You will also need an aluminum sheet that will lie inside the casing which the soda cans will be attached to, and a glass or Plexiglas to cover the casing once the cans are inside it.
And finally you will need matt black paint to paint the tin cans and the aluminum sheet, and silicone to attach the cans to the aluminum sheet and the Plexiglas or glass to the casing.



Building a Solar Air Heater

Step 1: Building the Case
First of all make a box out of plywood. Set the dimensions of the width of the interior of the box exactly the same as the width of 9 tin cans next to each other, and the height as 8 cans on top of each other plus one inch.
For increased efficiency, you should insulate the box to prevent heat escaping through the plywood. If so, size your box so that the cans and insulation will fit snuggly.

Step 2: Drilling the Cans
For the air to pass through a column of cans, holes must be drilled into them. Since there is already a hole at the top of each can for drinking, you will only need to drill a hole through the bottom of the cans.
The bottom and top can of each column a 1/2 to 1 inch hole is drilled in the side. This is done so the air can flow from column to column. Take a look at the images below so you can see the arrangement of the cans and the size of the holes.

Step 3: Building the Can Columns and Painting
The cans of each column are glued together using silicon adhesive and painted using black paint to help them absorb the sun’s energy.
The inside of the box must also be painted with the same paint before the columns of cans are glued into position using silicon adhesive. The outside of the box should be treated with preservative, varnish, or paint to help it survive the elements for many years.

Step 4: Sealing the Solar Heating Box
Ideally the whole unit will be sealed with a sheet of tempered glass. This glass is very strong and resilient to heat. However, tempered glass is also very expensive. Therefore Plexiglas can be used, but it will degrade far more quickly.
A hole at the top of the box is drilled so it acts as the hot air outlet and can be connected to the building/room to be heated using an insulated pipe.

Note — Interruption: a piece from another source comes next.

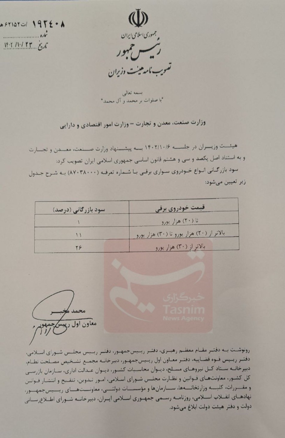 خودروهای برقی تا 20 هزار یورو، سود بازگانی یک درصد، خودروهای برقی بالاتر از 20 هزار تا 30 هزار یورو 11 درصد سود بازرگانی و خودروهای بالاتر از 30 هزار یورو 26 درصد سود بازرگانی اختصاص می یابد.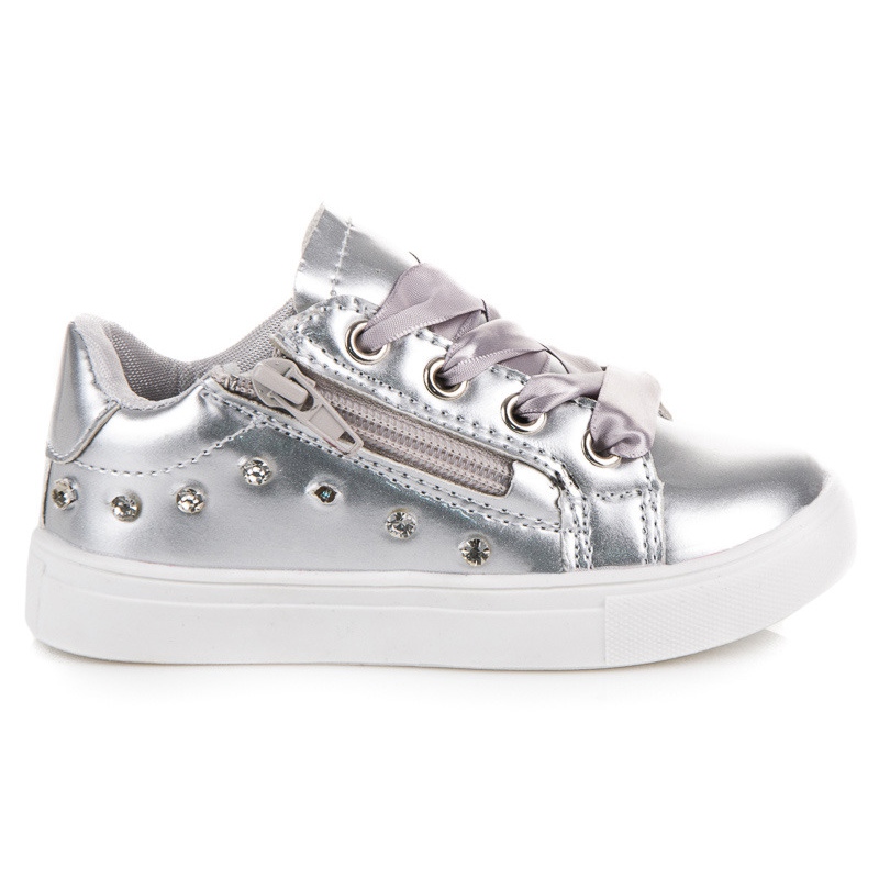 Tênis estilosos para meninas que combinam um look fashion com o conforto do dia a dia. O cabedal confeccionado em couro ecológico em tom prateado levemente cintilante é decorado com cristais na parte externa, e uma atraente fita em vez dos tradicionais cadarços acrescenta charme feminino. O modelo também vem equipado com um prático zíper que facilita a colocação e a retirada do calçado.

Step 5: Mounting a Fan (Not mandatory)
A PV Electric Solar Panel could be used to power a small fan to drive air through the snake. The final temperature achieved would be lower, but having a large quantity of 30 degree Celsius air entering a room is much better than a much smaller quantity of 50 degree Celsius air.

Step 6: Mounting
You will mount the Solar Air Heater on a south wall or the roof facing the south. On the top of the solar air heater you should drill a hole from which an insulated pipe will come out and will go in the room through a wall. This pipe will bring the hot air inside the room. The same thing should be done with the bottom of the solar collector. The difference between the top and bottom pipe is that the top pipe is used to bring hot air inside the room while the bottom pipe is used to bring cold air inside the collector. If you decide to mount a fan on the collector it should be mounted only at the top pipe.